[[ Data supplied, beginning ]]

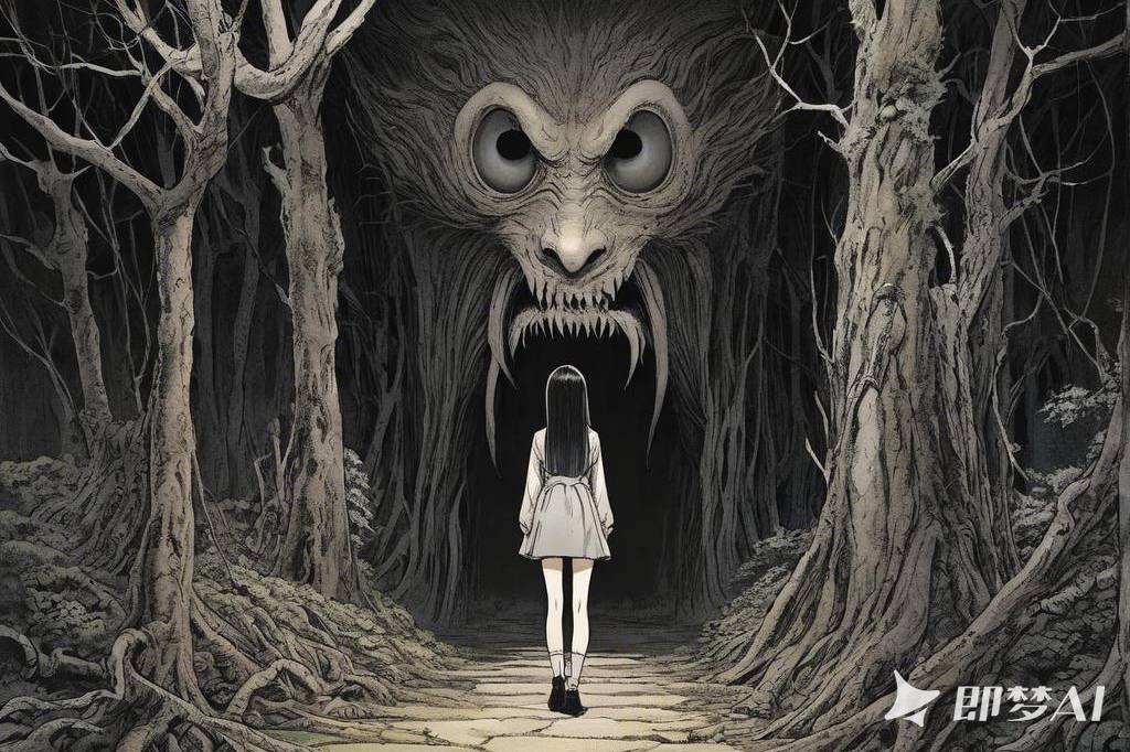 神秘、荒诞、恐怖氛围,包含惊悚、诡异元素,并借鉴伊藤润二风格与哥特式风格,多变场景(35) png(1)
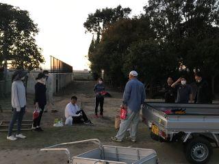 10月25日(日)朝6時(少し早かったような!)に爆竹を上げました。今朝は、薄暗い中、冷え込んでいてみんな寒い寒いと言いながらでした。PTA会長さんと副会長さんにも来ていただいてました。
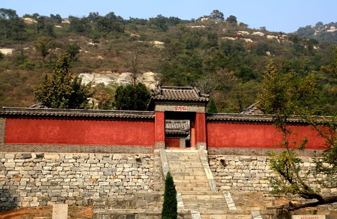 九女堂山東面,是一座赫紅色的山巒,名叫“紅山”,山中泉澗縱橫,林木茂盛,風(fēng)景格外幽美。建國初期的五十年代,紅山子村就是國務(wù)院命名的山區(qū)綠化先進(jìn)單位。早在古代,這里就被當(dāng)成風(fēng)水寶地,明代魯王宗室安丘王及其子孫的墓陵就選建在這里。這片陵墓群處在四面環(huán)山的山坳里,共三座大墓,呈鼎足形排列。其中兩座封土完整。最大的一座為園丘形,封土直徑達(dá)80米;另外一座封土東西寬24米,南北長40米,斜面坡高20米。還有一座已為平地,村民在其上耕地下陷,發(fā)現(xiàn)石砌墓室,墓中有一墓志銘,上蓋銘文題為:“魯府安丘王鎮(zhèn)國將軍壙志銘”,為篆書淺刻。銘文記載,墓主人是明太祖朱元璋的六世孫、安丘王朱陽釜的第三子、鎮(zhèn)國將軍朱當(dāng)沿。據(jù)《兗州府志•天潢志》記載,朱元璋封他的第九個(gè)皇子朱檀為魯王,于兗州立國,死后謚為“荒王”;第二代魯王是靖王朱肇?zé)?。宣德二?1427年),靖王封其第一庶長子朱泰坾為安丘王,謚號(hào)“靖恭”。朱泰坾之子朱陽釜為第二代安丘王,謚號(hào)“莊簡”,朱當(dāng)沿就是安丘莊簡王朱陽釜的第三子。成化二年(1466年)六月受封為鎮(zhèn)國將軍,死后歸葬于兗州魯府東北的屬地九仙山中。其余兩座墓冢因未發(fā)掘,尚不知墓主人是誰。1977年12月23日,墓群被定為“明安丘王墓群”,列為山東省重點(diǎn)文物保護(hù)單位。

[[ Data supplied, end ]]
[[ Data supplied, beginning ]]

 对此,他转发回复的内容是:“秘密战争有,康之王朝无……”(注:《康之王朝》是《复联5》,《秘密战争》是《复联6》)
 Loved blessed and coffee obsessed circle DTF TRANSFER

[[ Data supplied, end ]]
[[ Data supplied, beginning ]]

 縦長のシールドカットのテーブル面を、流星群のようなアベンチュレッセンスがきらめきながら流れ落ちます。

[[ Data supplied, end ]]

What you are asked to do: In the material above, one part opens with the line containing "10月25日(日)朝6時(少" and closes with the line containing "九女堂山東面,是一座赫紅色的". Write out that part exactly and skip its pictures.

Answer space:
 10月25日(日)朝6時(少し早かったような!)に爆竹を上げました。今朝は、薄暗い中、冷え込んでいてみんな寒い寒いと言いながらでした。PTA会長さんと副会長さんにも来ていただいてました。
 九女堂山東面,是一座赫紅色的山巒,名叫“紅山”,山中泉澗縱橫,林木茂盛,風(fēng)景格外幽美。建國初期的五十年代,紅山子村就是國務(wù)院命名的山區(qū)綠化先進(jìn)單位。早在古代,這里就被當(dāng)成風(fēng)水寶地,明代魯王宗室安丘王及其子孫的墓陵就選建在這里。這片陵墓群處在四面環(huán)山的山坳里,共三座大墓,呈鼎足形排列。其中兩座封土完整。最大的一座為園丘形,封土直徑達(dá)80米;另外一座封土東西寬24米,南北長40米,斜面坡高20米。還有一座已為平地,村民在其上耕地下陷,發(fā)現(xiàn)石砌墓室,墓中有一墓志銘,上蓋銘文題為:“魯府安丘王鎮(zhèn)國將軍壙志銘”,為篆書淺刻。銘文記載,墓主人是明太祖朱元璋的六世孫、安丘王朱陽釜的第三子、鎮(zhèn)國將軍朱當(dāng)沿。據(jù)《兗州府志•天潢志》記載,朱元璋封他的第九個(gè)皇子朱檀為魯王,于兗州立國,死后謚為“荒王”;第二代魯王是靖王朱肇?zé)?。宣德二?1427年),靖王封其第一庶長子朱泰坾為安丘王,謚號(hào)“靖恭”。朱泰坾之子朱陽釜為第二代安丘王,謚號(hào)“莊簡”,朱當(dāng)沿就是安丘莊簡王朱陽釜的第三子。成化二年(1466年)六月受封為鎮(zhèn)國將軍,死后歸葬于兗州魯府東北的屬地九仙山中。其余兩座墓冢因未發(fā)掘,尚不知墓主人是誰。1977年12月23日,墓群被定為“明安丘王墓群”,列為山東省重點(diǎn)文物保護(hù)單位。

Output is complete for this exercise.